En ese proceso, la coordinación del equipo es uno de los puntos más críticos en la estrategia. 

 “Eso nos da mucha agilidad”, dice. “La muerte de cualquier organización es cuando se paraliza en la toma de decisión”.

Hace poco, Nu sorprendió solicitando una licencia bancaria en Estados Unidos, donde a diferencia de Latinoamérica, la banca es mucho más digital con plataformas como Sofi y Chime. Sin embargo, creen que hay espacio para entrar. 

“La oportunidad es entrar al mayor mercado del mundo”, explica Vélez. “El estado de Texas ya tiene un PIB más grande que Brasil, y los 60 millones de hispanos en Estados Unidos tienen un PIB mayor que el de cualquier país latinoamericano”. 

Aún así, consideran que el objetivo es mucho más que la comunidad latina. 

“Hay muchos bancos que siguen usando sucursales físicas, lo que los hace ineficientes y caros. Pensamos que podemos crear servicios financieros de una calidad superior a un precio menor que la oferta existente”, anota. 

En paralelo, la compañía acelera su transformación con inteligencia artificial.

“Estamos experimentando cómo usarla para mejorar eficiencia y productos”, dice Marino. “Tenemos un grupo dedicado a acelerar prototipos, análisis de datos y desarrollo de software”. López añade que los resultados ya son visibles: “Nos demoramos un año en hacer un modelo de crédito en Brasil y seis meses en México. Ahora todo es más rápido. La gente empieza a probarlo y dice: ‘el coding es más rápido, el monitoring se hace en una hora y no en tres días’”.

La cultura de Nu es el hilo que une a la empresa. 

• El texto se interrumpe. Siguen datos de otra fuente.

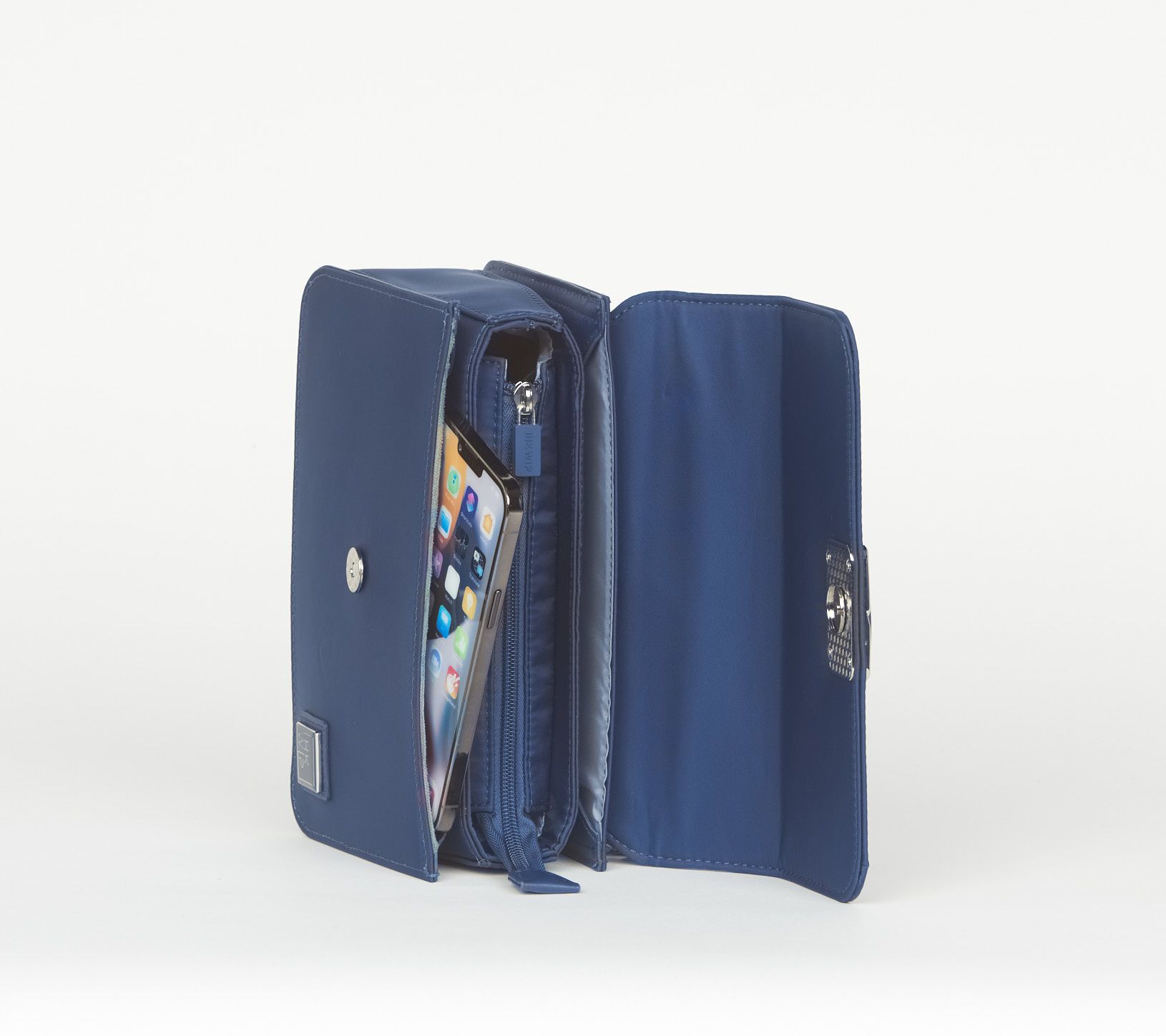 • Light-colored lining; soft-lined phone pocket; RFID wallet with card slots, clear ID window, and bill sleeve; zip pocket; key clip

“Nuestro nivel de ambición es increíble, pero combinado con humildad”, dice López. “No es ‘vamos a ser los reyes del mundo’, es ‘vamos a pintar el mundo morado sirviendo a los clientes con productos mejores y más inclusivos’”. 

Torres lo resume en una frase: “Somos obsesionados con los clientes, no obsesionados con la competencia”. Vélez coincide: “La gran oportunidad no es pelear con los bancos tradicionales o las nuevas fintechs, sino con el efectivo, que sigue siendo el gran enemigo de la inclusión”.

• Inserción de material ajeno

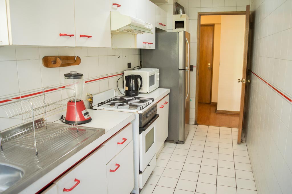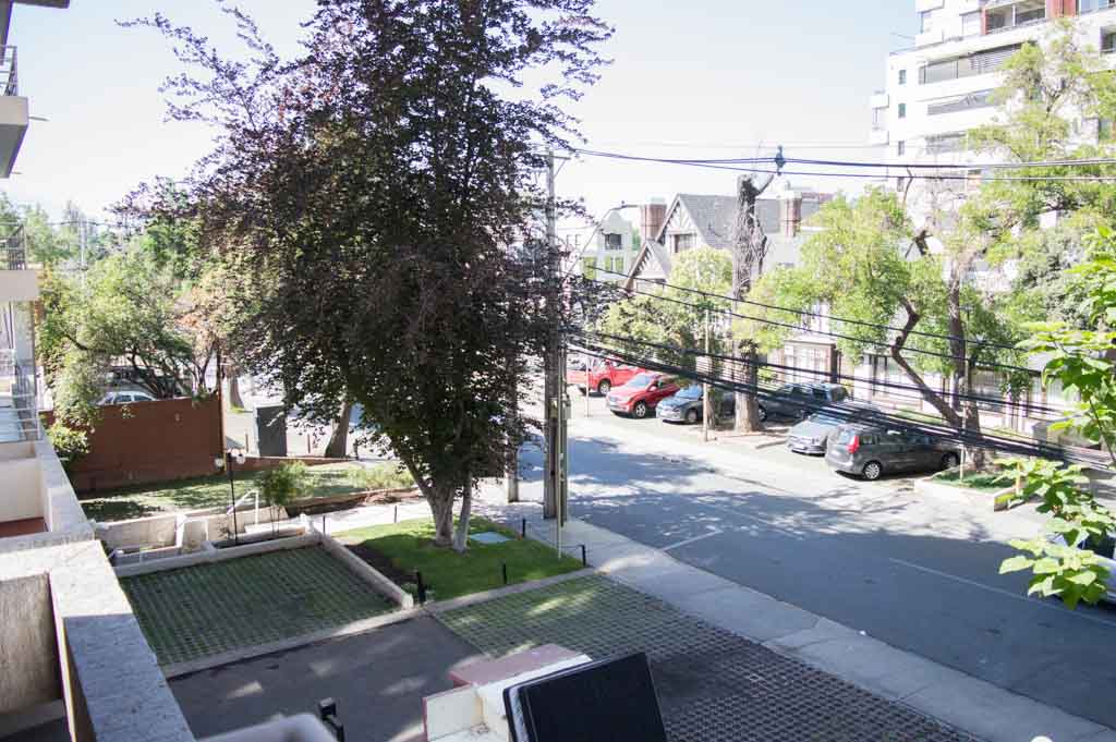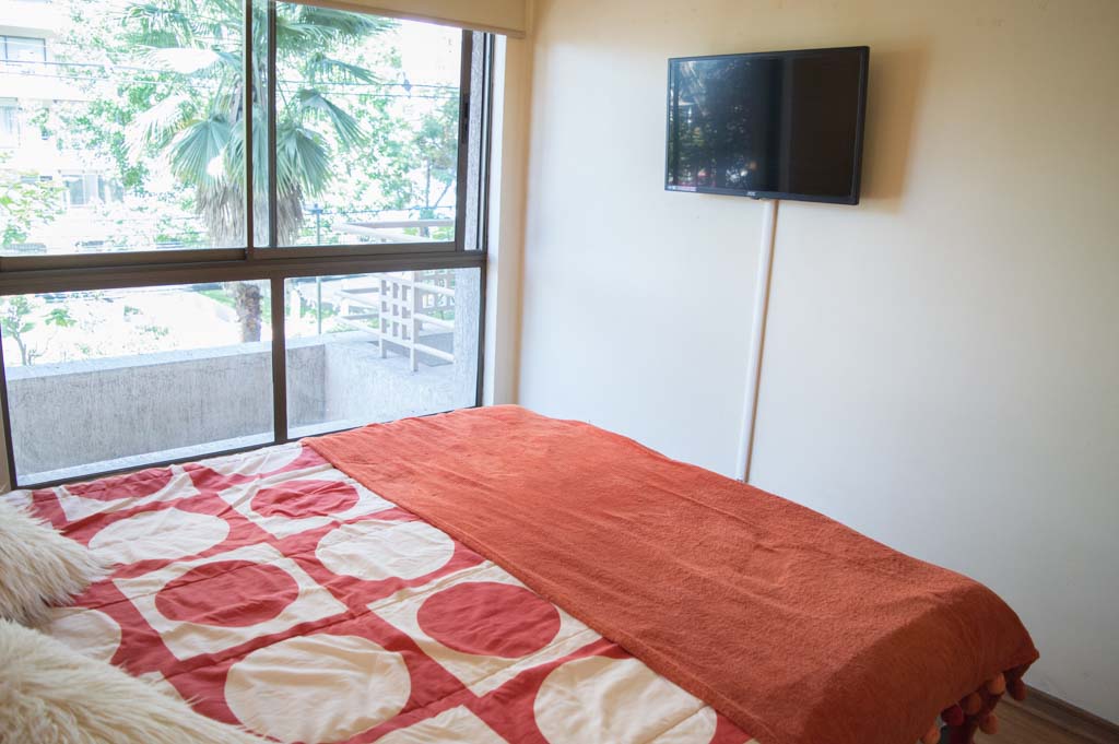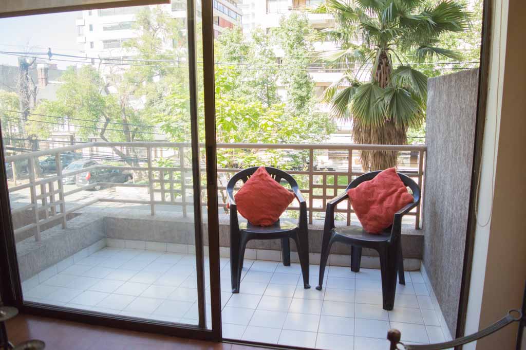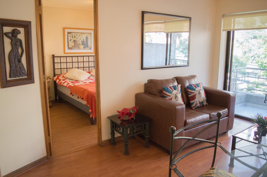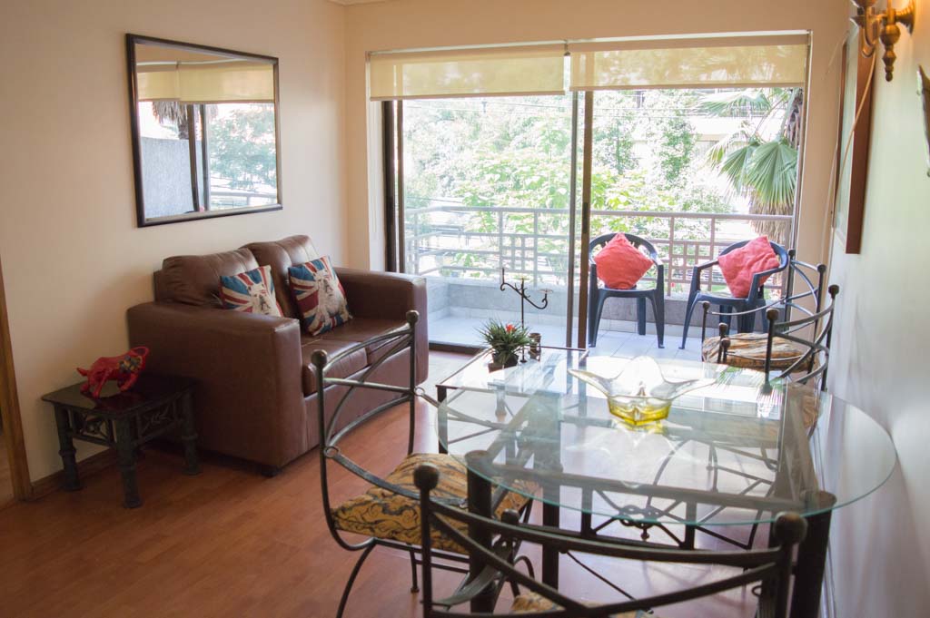 Departamento amoblado de 1 habitación ubicado a 3 minutos caminando de la parada de autobús y a 3 minutos caminando de la Estación de Metro Escuela Militar.El departamento tiene living, comedor, cocina (cerrada), 1 baño y terraza. La habitación 1 tiene cama matrimonial, walk-in clóset, 2 mesas de noche y baño en suite; El lugar mide 45m² aproximadamente. Se debe considerar el pago de gastos de servicios de gastos comunes, agua caliente, agua fría, electricidad y gas que suman $ 119USD aproximadamente. Se debe pagar garantía (depósito) la que será devuelta al finalizar el período de arriendo; además, se debe pagar $ 79USD al momento de devolver el alojamiento para realizar la limpieza del lugar. Cerca del alojamiento se encuentra la Escuela Militar del Libertador Bernardo O'Higgins, instituto encargado de formar oficiales para el Ejército de Chile, además de embajadas, institutos profesionales, colegios, bancos y supermercados; además de diversos medios de transporte público a distintos puntos de la ciudad. En la estación de metro (subsuelo) se encuentra una galería comercial.

Mientras Nu prepara su entrada al mercado estadounidense, la presencia de tres colombianas en el círculo directivo más cercano de Vélez se ha convertido en una señal del peso que el talento tiene en la transformación global de la banca.

“Tenemos un equipo realmente de talla mundial”, dice el fundador. “Mi rol es remover los obstáculos para que estos grandes profesionales logren tomar sus decisiones y sigan acelerando nuestro crecimiento”.